[[ GIVEN RECORDS open ]]

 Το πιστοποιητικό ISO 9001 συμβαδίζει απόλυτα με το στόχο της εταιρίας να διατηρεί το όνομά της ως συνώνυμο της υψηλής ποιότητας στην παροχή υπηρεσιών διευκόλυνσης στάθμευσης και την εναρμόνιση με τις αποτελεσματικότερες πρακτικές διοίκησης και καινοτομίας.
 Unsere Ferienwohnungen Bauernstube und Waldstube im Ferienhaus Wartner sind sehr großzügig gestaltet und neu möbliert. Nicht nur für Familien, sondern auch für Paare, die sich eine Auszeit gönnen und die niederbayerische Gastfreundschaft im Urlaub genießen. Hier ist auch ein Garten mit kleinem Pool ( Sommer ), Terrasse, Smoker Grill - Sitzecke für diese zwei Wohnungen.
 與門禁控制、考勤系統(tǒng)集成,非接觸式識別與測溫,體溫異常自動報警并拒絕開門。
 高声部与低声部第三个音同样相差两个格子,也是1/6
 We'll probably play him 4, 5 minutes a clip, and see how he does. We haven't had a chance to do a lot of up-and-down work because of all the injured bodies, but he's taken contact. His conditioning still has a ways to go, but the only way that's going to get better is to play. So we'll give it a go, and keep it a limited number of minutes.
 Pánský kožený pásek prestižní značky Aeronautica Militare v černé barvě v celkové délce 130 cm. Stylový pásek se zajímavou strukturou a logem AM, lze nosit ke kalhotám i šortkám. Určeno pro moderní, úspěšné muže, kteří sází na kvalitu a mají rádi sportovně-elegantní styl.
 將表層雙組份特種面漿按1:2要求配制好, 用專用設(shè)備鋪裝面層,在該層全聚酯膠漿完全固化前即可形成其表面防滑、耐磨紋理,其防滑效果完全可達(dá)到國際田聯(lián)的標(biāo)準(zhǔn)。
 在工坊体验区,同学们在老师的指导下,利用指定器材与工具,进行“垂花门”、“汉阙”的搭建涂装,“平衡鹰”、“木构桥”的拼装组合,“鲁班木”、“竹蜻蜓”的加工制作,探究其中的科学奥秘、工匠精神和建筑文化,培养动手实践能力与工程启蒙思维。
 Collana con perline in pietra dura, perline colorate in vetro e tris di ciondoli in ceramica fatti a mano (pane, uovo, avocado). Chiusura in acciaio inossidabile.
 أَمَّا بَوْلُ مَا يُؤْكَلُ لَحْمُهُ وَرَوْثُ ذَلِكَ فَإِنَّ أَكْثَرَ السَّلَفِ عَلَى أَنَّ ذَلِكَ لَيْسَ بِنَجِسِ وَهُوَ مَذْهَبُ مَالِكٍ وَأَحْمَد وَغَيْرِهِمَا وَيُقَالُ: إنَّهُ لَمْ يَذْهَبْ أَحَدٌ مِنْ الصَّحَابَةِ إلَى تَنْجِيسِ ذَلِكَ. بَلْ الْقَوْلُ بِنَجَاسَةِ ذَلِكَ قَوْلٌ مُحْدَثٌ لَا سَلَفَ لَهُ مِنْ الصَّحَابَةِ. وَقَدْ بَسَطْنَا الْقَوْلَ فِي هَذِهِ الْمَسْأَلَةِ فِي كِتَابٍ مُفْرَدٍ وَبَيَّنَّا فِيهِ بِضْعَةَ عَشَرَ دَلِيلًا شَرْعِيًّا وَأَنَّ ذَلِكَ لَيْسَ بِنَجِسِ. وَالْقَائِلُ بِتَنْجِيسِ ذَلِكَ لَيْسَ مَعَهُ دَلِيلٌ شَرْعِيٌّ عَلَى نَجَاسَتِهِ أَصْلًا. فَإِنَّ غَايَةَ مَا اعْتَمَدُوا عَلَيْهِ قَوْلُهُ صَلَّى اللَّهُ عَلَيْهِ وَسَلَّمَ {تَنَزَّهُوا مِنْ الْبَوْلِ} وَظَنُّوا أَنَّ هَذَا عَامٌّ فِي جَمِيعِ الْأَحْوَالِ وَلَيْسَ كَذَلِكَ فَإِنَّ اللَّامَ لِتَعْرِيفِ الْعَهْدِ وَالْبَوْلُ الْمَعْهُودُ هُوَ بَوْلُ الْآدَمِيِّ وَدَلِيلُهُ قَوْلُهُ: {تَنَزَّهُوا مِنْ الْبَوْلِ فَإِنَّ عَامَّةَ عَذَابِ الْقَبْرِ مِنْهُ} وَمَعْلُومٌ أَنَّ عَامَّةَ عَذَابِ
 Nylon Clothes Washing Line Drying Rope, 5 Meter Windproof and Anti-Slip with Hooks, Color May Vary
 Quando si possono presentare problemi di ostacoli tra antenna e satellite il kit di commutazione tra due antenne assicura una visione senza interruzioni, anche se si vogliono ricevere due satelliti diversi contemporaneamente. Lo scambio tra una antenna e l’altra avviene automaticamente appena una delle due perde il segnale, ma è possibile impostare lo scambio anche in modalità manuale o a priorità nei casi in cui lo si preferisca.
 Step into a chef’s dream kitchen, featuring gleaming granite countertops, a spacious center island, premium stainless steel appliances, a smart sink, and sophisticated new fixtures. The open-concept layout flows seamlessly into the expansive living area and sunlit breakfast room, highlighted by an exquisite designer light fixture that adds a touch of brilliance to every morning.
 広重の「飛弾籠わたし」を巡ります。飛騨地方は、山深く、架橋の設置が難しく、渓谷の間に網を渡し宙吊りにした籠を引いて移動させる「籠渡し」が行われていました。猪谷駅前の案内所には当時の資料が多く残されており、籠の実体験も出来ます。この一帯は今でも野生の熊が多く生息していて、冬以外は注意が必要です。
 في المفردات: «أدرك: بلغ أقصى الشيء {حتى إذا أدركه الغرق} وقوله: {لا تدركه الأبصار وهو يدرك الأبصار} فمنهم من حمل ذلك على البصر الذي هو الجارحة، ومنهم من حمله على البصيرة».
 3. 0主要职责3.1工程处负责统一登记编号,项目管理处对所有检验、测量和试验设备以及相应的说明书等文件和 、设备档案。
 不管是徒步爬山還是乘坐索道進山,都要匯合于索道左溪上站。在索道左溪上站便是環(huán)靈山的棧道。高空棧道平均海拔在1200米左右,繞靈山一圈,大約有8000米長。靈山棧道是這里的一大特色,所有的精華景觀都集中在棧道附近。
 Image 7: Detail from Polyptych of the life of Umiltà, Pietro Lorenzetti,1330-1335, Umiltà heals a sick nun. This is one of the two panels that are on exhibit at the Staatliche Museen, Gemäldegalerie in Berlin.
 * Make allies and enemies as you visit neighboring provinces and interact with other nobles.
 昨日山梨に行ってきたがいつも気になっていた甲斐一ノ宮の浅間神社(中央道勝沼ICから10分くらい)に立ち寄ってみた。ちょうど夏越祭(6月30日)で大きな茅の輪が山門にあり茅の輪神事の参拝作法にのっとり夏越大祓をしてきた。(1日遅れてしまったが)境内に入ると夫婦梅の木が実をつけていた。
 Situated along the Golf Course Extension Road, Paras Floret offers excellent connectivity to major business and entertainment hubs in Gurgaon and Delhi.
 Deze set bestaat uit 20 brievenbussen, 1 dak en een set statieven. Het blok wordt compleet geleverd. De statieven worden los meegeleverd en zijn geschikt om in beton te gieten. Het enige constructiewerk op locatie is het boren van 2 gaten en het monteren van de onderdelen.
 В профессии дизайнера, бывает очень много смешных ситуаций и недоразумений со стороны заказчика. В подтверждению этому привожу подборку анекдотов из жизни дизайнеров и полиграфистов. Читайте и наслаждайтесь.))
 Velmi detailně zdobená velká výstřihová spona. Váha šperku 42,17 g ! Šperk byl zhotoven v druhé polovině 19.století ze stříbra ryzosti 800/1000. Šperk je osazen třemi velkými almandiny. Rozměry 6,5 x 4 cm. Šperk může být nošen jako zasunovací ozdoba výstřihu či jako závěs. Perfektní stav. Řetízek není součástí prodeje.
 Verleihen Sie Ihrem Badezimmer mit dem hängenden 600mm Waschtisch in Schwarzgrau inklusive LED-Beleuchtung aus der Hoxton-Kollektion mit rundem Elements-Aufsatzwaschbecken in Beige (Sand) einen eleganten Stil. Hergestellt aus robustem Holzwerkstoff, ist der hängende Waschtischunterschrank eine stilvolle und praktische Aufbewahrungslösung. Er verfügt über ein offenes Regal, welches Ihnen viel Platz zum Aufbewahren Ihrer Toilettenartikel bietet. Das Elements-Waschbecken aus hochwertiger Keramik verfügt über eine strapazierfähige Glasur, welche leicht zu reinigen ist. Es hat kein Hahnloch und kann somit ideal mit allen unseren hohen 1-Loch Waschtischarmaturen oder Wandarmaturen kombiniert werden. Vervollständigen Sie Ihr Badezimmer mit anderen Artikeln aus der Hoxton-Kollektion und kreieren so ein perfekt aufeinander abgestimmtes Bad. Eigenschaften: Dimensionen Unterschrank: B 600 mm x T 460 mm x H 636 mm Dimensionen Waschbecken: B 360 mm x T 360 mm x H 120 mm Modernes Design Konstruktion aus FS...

[[ GIVEN RECORDS closed ]]

#### YOUR INSTRUCTIONS
Using the entries above, extract exactly the span from the line with "広重の「飛弾籠わたし」を巡り" to the line with "3. 0主要职责3.1工程处负责统一登记编号,项目管理处对所有检验、测量和试验设备以及相应的说明书等文件和 、设备档案。", both lines included; leave out everything else.

#### EXPECTED OUTPUT
 広重の「飛弾籠わたし」を巡ります。飛騨地方は、山深く、架橋の設置が難しく、渓谷の間に網を渡し宙吊りにした籠を引いて移動させる「籠渡し」が行われていました。猪谷駅前の案内所には当時の資料が多く残されており、籠の実体験も出来ます。この一帯は今でも野生の熊が多く生息していて、冬以外は注意が必要です。
 في المفردات: «أدرك: بلغ أقصى الشيء {حتى إذا أدركه الغرق} وقوله: {لا تدركه الأبصار وهو يدرك الأبصار} فمنهم من حمل ذلك على البصر الذي هو الجارحة، ومنهم من حمله على البصيرة».
 3. 0主要职责3.1工程处负责统一登记编号,项目管理处对所有检验、测量和试验设备以及相应的说明书等文件和 、设备档案。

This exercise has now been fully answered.